Song by Xamã and Marília Mendonça

from the album Zodíaco
- Released: December 14, 2020
- Genre: Trap-soul
- Length: 3:30
- Label: Bagua Records
- Composer: Xamã
- Producer: Neo Beats

Music video
- "Leão" on YouTube

= Leão (Marília Mendonça song) =

2020 song by Marília Mendonça

Leão (Portuguese for "lion") is a song by the Brazilian rapper Xamã with the participation of Marília Mendonça, it was originally released in the album Zodíaco.

==Composition==
The song is part of the album Zodíaco, whose tracks are based on Zodiac sighs. The most famous song of the album in views is "Leão", whose video with Mendonça now had more than 45 million views on YouTube.

==Re-recording==
During a live performance, Mendonça presented a new recording of the song, this time with an arrocha arrangement. After the death of the singer, the team decided to put this version on the first posthumous album of the singer, called Decretos Reais.
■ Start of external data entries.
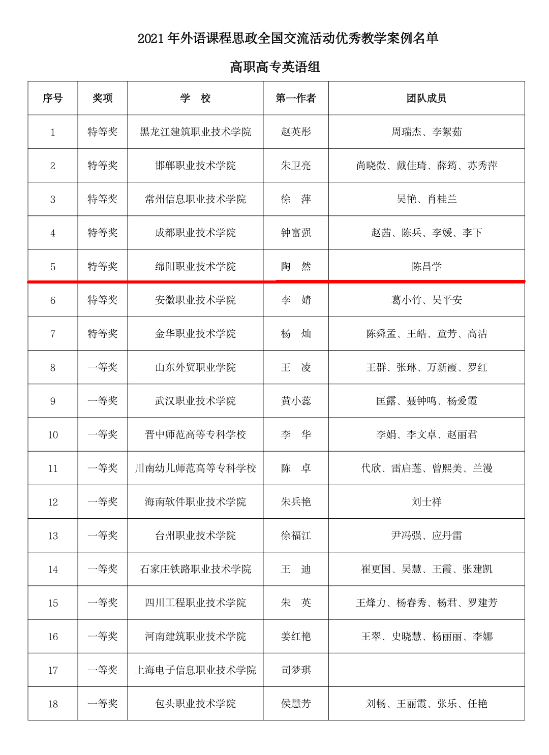 12月11日,我校公共教育学院陶然、陈昌学老师组成的团队在2021全国外语课程思政优秀教学案例比赛中获得全国特等奖。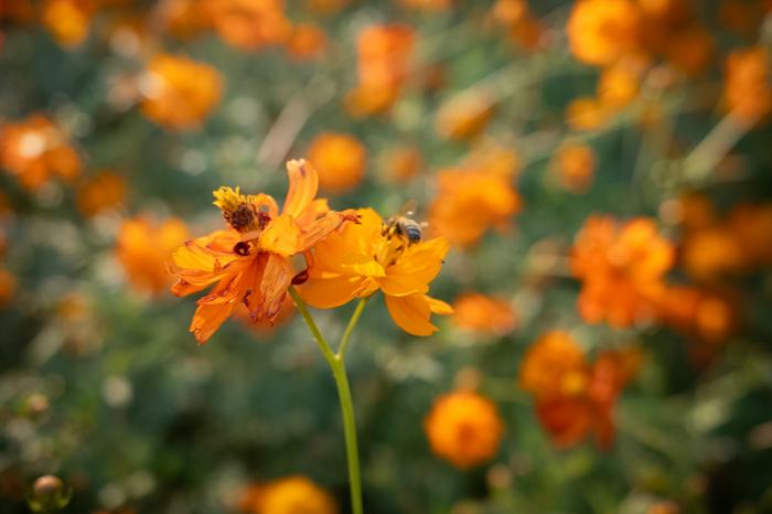 黄秋英花海一片金黄,蜜蜂落在花蕊上采蜜。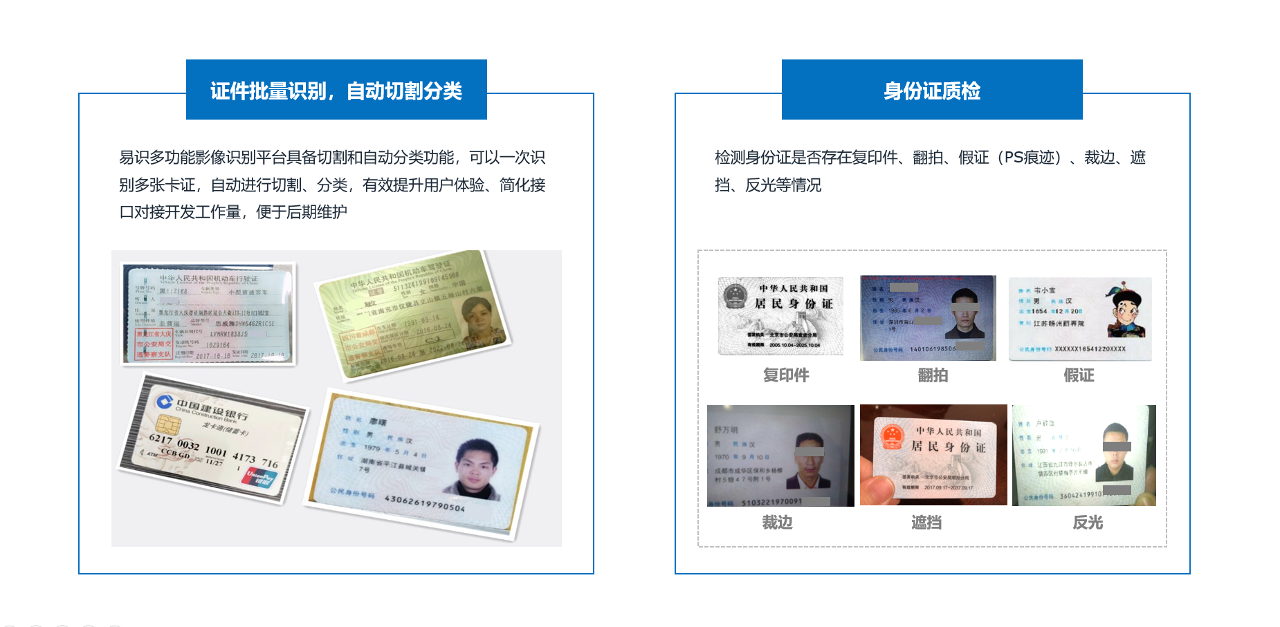 通過領先的深度學習算法和海量數據訓練,實現了99.5%的超高識別準確率,證件實現毫秒級識別。目前已支持7大類,60多種識別產品,覆蓋企業主流識別需求。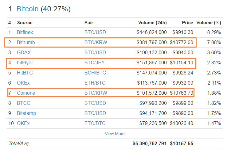 Um fato interessante é que o preço do Bitcoin nas corretoras de valores sul-coreanas e japonesas é muito maior e atingiu a marca muito mais cedo que os outros.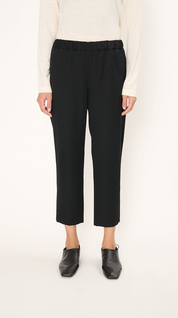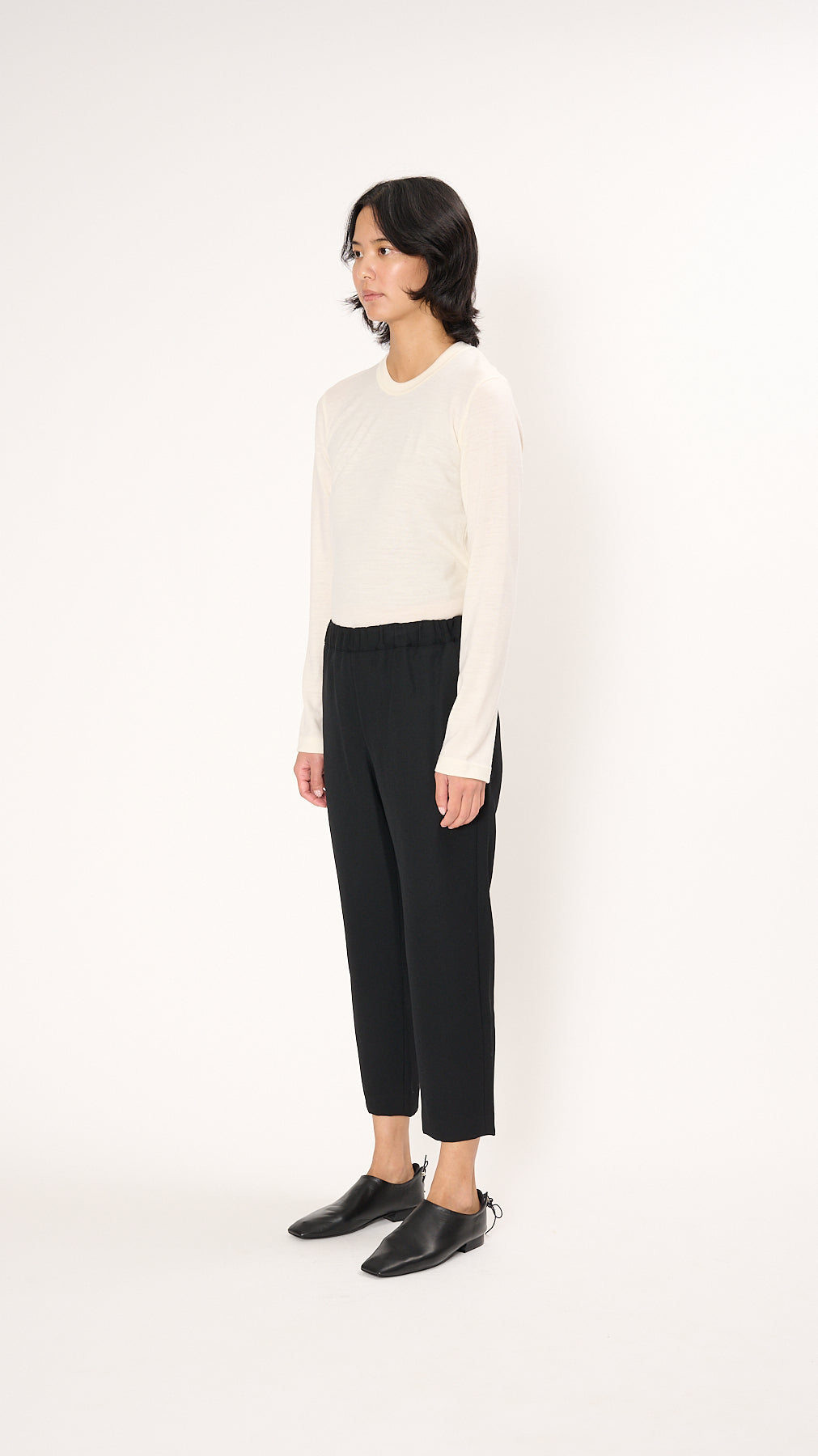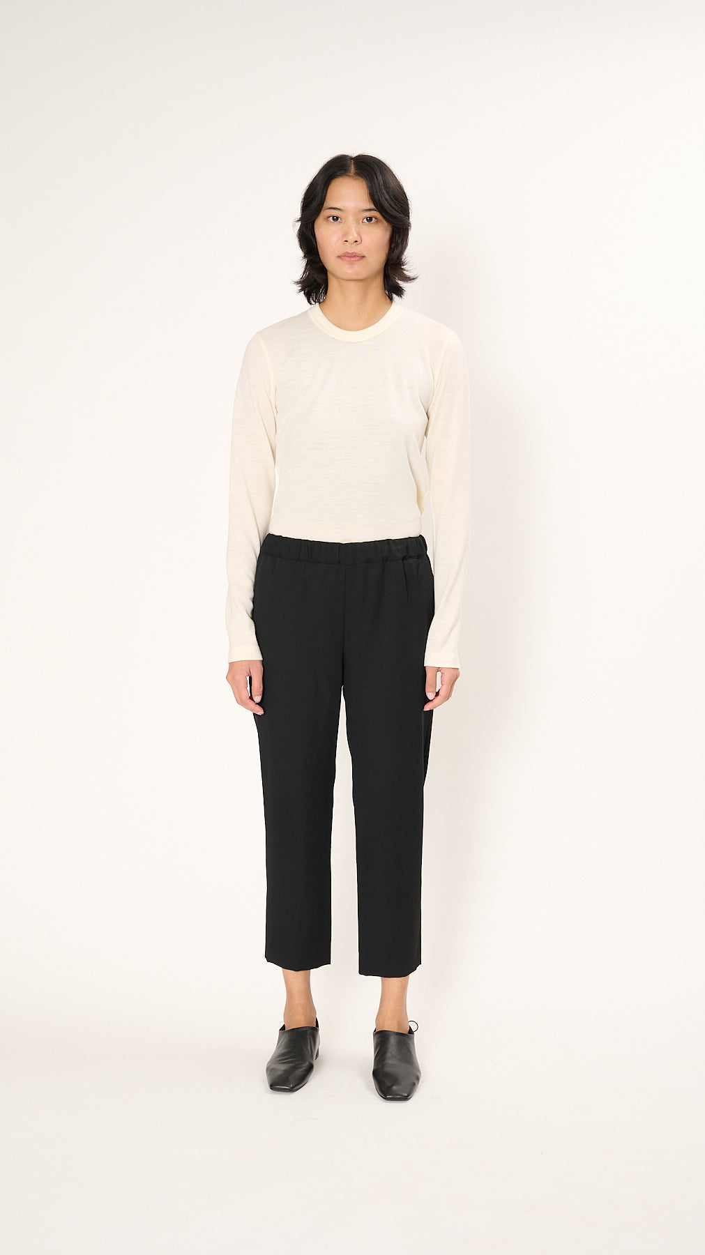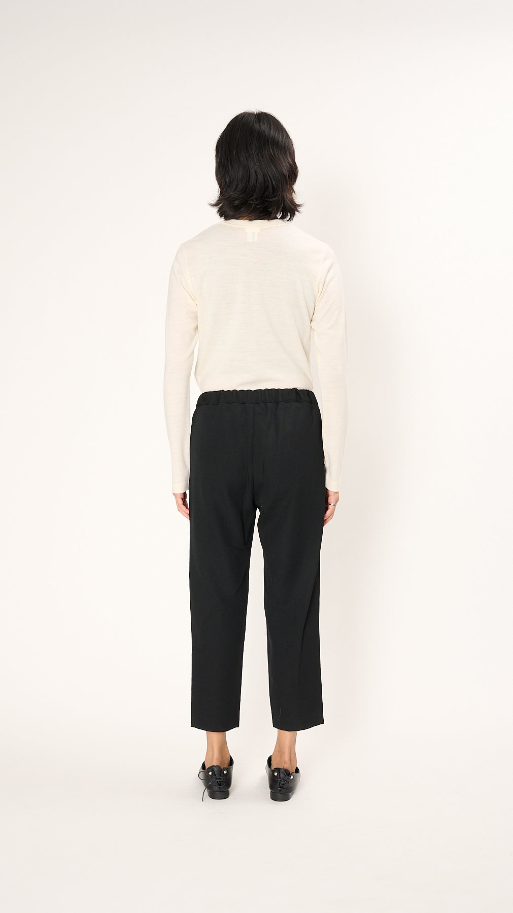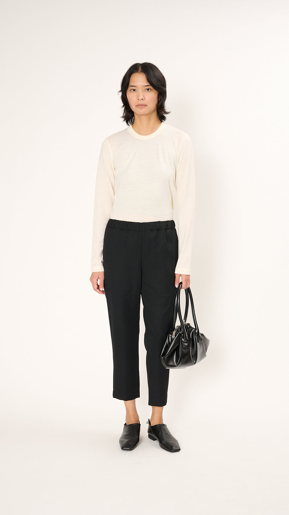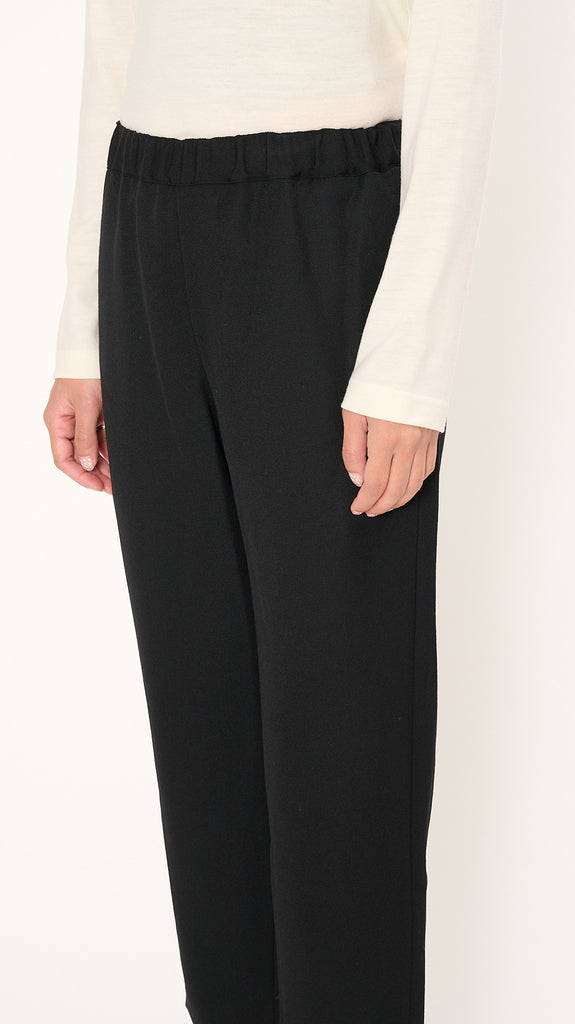 The Elastic Wool Trousers have a straight leg silhouette made of fine wool and are finished with an elasticized waistband.

This re-recording was originally released on late 2022 and became a viral hit on social media like TikTok, and was also on the Spotify Global chart.

The re-recording ended up being a commercial success and it was certified twelve-times Diamond by the Pro-Música Brasil in 2026. The music video of this song has also received over 450 million views on YouTube.

==Charts==

| Chart (2023) | Peak position |
|---|---|
| Brazil (Billboard) | 1 |
| Global 200 (Billboard) | 51 |
| Portugal (AFP) | 29 |

==Certifications==

Certifications for "Leão"
| Region | Certification | Certified units/sales |
| Brazil (Pro-Música Brasil) | 12× Diamond | 3,600,000^{‡} |
| Portugal (AFP) | Platinum | 10,000^{‡} |
^{‡} Sales+streaming figures based on certification alone.